An electronic device 900 according to this embodiment of the disclosure is described below with reference to fig. 9. The electronic device 900 shown in fig. 9 is only an example and should not bring any limitations to the functionality or scope of use of the embodiments of the present disclosure.
As shown in fig. 9, the electronic device 900 is embodied in the form of a general purpose computing device. Components of electronic device 900 may include, but are not limited to: the at least one processing unit 910, the at least one memory unit 920, and a bus 930 that couples various system components including the memory unit 920 and the processing unit 910.
Wherein the storage unit stores program code that is executable by the processing unit 910 to cause the processing unit 910 to perform steps according to various exemplary embodiments of the present disclosure described in the above section "exemplary method" of the present specification.
For example, the processing unit 910 may perform the following steps of the above method embodiments: acquiring a matter graph of a target event scene, wherein the matter graph comprises: the method comprises the following steps that a plurality of event nodes and node connection relations among the event nodes are obtained, and each event node corresponds to one event in a target event scene; determining feature vectors of a case map using a graph neural network model; inputting the characteristic vectors of the case map into a pre-trained neural network model, and predicting missing event nodes in the case map and corresponding node connection relations; and determining potential events in the target event scene according to the missing event nodes in the event graph and the corresponding node connection relation.
In one embodiment, the processing unit 910 may perform the following steps of the above-described method embodiments to determine feature vectors of a case graph using a graph neural network model: determining a feature vector of each event node in the event graph by using the graph neural network model; and determining the characteristic vector of the event map according to the characteristic vector of each event node in the event map.
In one embodiment, before inputting the feature vectors of the event graph into the pre-trained neural network model to predict the missing event nodes and the corresponding node connection relationships in the event graph, the processing unit 910 may perform the following steps of the method embodiment: acquiring a plurality of complete affair maps, wherein each complete affair map corresponds to an event scene; deleting event nodes in each complete affair map and node connection relations among the event nodes in proportion to obtain a missing affair map of each complete affair map; and training the neural network model by taking the plurality of complete case maps and the corresponding missing case maps as training data to obtain the trained neural network model.
In one embodiment, the processing unit 910 may perform the following steps of the above method embodiments to obtain a plurality of complete event maps: acquiring a plurality of events under each event scene; generalizing a plurality of events in each event scene to obtain a plurality of event nodes in each event scene; inputting a plurality of events under each event scene into a natural language processing model, and outputting node connection relations among a plurality of event nodes under each event scene; and generating a complete affair map under each event scene according to the plurality of event nodes under each event scene and the corresponding node connection relation.

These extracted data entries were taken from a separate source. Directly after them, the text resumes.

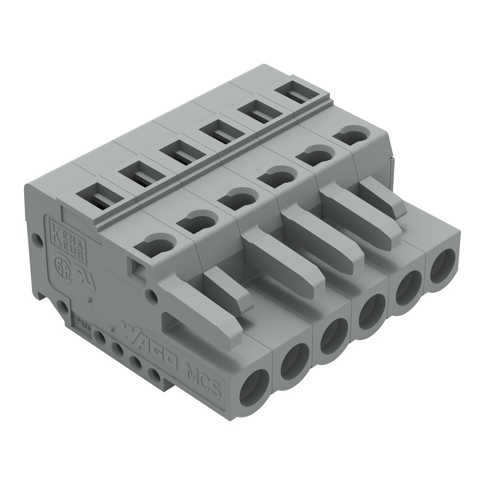 Wago Federleiste 231-106/102-000 Federleiste mit integrierter Abschlussplatte 6-polig Rastermaß 5 mm/0.197 in kodierbar mit 2 Rastklinken mit Kodiernase mit Rastnase grau Wago Serie 231 EAN Nr. 4044918339605 Warengruppe WAGO Multistecksystem
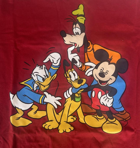 Disney Boys Mickey Mouse Donald Goofy & Pluto Red Short Sleeve Shirt Size Medium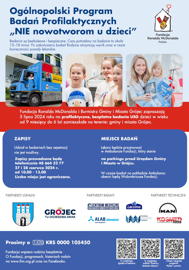 Fundacja Ronalda McDonalda i Burmistrz Gminy i Miasta Grójec, zapraszają na profilaktyczne badania USG dzieci w wieku od 9 miesięcy do 6 lat, zamieszkałe na terenie gminy Grójec. Badania odbędą się 5 lipca przed Urzędem Gminy i Miasta w Grójcu. Program badań Fundacji Ronalda McDonalda jest bezpłatny.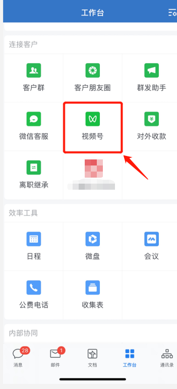 第一步:进入企微「工作台」点击「视频号」

In one embodiment, the processing unit 910 may perform the following steps of the above method embodiments to predict missing event nodes and corresponding node connection relationships in the event graph: and predicting missing event nodes in the event graph and corresponding node connection relations layer by adopting a multi-layer attention mechanism based on a pre-trained neural network model.
In one embodiment, the processing unit 910 may perform the following steps of the above method embodiment to predict missing event nodes and corresponding node connection relationships in the event graph layer by layer: inputting the feature vectors of the physical map into a pre-trained neural network model, and outputting the missing event node types; inputting the missing event node type into a pre-trained neural network model, and outputting the missing event node content; inputting the types of the missing event nodes and the content of the missing event nodes into a pre-trained neural network model, and outputting the missing event nodes in the event graph and the corresponding node connection relation.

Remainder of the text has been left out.